I keep repeating in my mind.

How is someone so beautiful and precious also so dangerous and can be considered a monster?

I cannot seem to find an answer to the question.

Can I? Will I?

I also keep repeating in my mind.

Can I reject him?

I know the answer to the question and it is a no. I can't reject him.

Which answers my other question which is yes. I will be able to love him.

But right now, I think I need to keep my distance. I need to make sure I know what I want. I never wanted something so badly until I met him. I want his love and affection. He is like a virus and I have caught him.

I know a stupid saying.

I am a lovesick puppy on drugs wanting to touch, feel, and be loved by him.
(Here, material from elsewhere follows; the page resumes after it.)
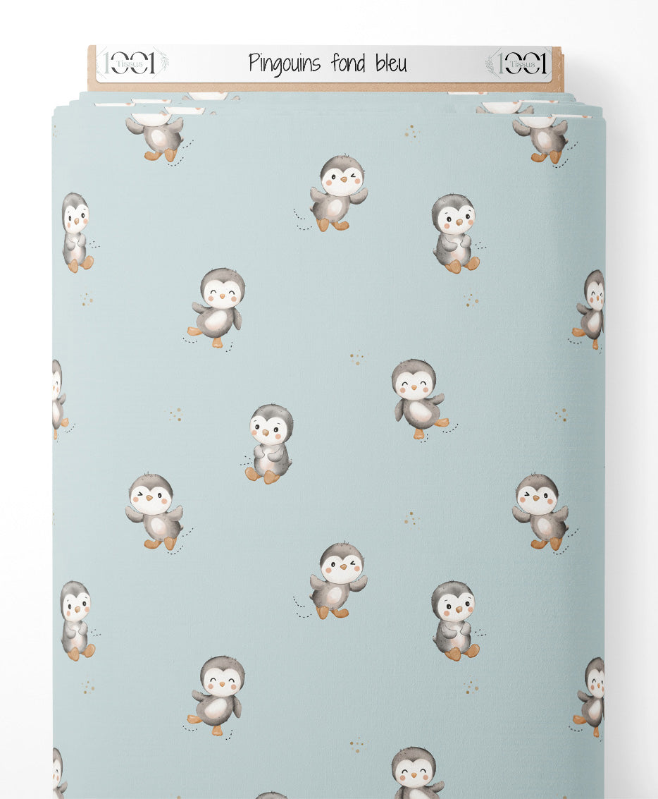 Tissu - Pingouins sur fond bleu

But just remembering what he used to live like makes me shutter.

How can I be with someone like that? What would my mom do in this situation? In times like these I wish she was still alive to help me understand and cope with stuff.

I tell myself to keep my distance, but it is like I am killing myself inside being away from him.

I want him to mark me and runaway with him and never worry about a thing ever again. But I know that won't work. I love the pack and leaving would kill my father. Maximus will chase me to the end of the Earth dragging Mateo with him and then Tiana will be here.

So, I have to stay. And I have to know am I willing to love him?

...

It has been a month and a half since that conversation went down at the river. Instead of moping away in my bedroom I now just ignore everyone. When I smell the vanilla and spice scent at school I walk the other way. I want to make sure that I know what I am doing is right for me.

"How was school April?" my father asks at dinner with the whole pack there.

"It was great," I give him a fake smile and continue scarfing my food down like a maniac. When I am done I dismiss myself from the table and put my plate in the dishwasher and make my way upstairs.

I close the door and grab a bag filling it with what I need. I put a blanket, a pillow, several packs of cookies, some water, and finally lingerie that is pink and lacey. I sigh as I zip the bag up and slide it under the bed. I put on my sleepers to get some sleep when Mateo comes in.

"Hey," I greet him as I flip the bed covers over.

"Hi April," he sits on the bedside and I look at him curiously.

"So, what's up?"

"You know we love you?" I nod at his question. "And you know we want what's best for you?"

"Yes, Mateo get out!" I whine. "I don't want any lectures right now. Please I have a big test tomorrow," I put a pillow over my face and  he chuckles.

"Okay okay, just checking sis," he smiles. He gives me a kiss on the forehead and then leaves.

"Goodnight!" I yell as he closes the door. I sigh as I try to relax and fall asleep easily thinking about the night ahead.

...

The river can be heard as I rush over. I switch back before I make it to the opening and put my lingerie on. I put a light blue dress over it and continue walking in human form.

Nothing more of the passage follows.